John Edward Hopkins was born around 1841 in Loudoun County, Virginia, to Philip and Joanna Hopkins. His father was a farmer who owned $3,500 of real estate and $8,000 of personal property by 1860. Hopkins grew up and attended school in Loudoun County. By the early 1860s, he was working as a clerk in Alexandria, Virginia.
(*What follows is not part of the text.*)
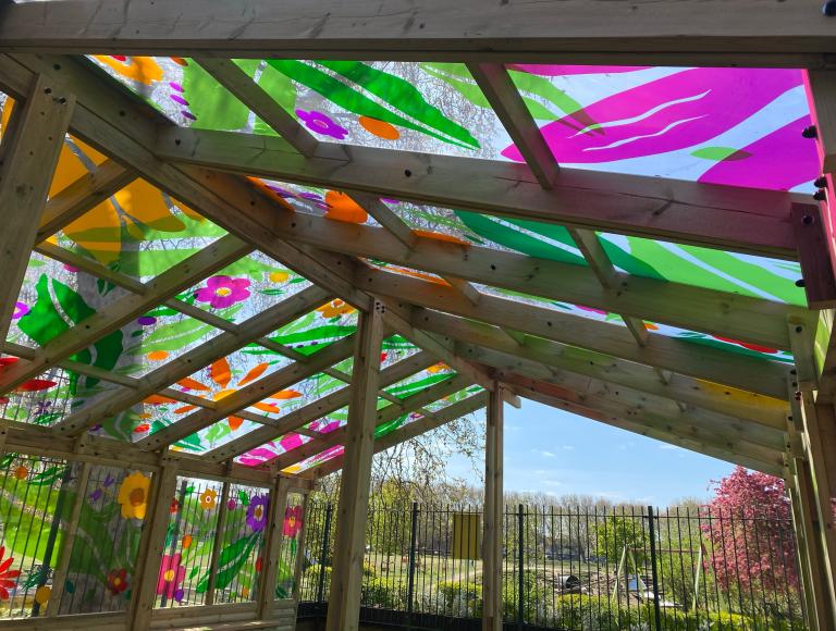 Outdoor classrooms with colourful roof canopies provide a magical space to play and learn.

He enlisted in the Confederate army in April 1861, and he mustered in as a private in the Peaked Mountain Grays. According to his service records, he was 5 feet, 10 inches tall, with brown hair and grey eyes. The company became part of the 10th Virginia Infantry, and Hopkins received a promotion to 2nd lieutenant. The regiment took part in the First Battle of Manassas. In the spring of 1862, he joined O’Ferrall’s Virginia Cavalry Battalion. He took part in the Battle of Gettysburg and the Battle of Monocacy.
In November 1864, he became a private in the 43rd Virginia Cavalry Battalion (Mosby’s Rangers). Union forces captured him near Hopewell Gap, Virginia, on December 21, 1864, and he remained in prison until June 13, 1865.
Hopkins settled in Stonewall, Virginia, after the war, and he earned a living as a “vineyardist.” By 1870, he owned $1,500 of personal property. He married Frances Ellen Rice on December 20, 1871, and they had at least nine children: Mattie, born around 1872; Nannie, born around 1874; Mary, born around 1876; Sadie, born around 1878; Virginia, born around 1880; Lula, born around 1881; Bertie, born around 1884; Eva, born around 1886; Elizabeth, born around 1888. They lived in Lee, Virginia, and Hopkins worked as a farmer. He died of a cerebral hemorrhage in Lee on January 10, 1923.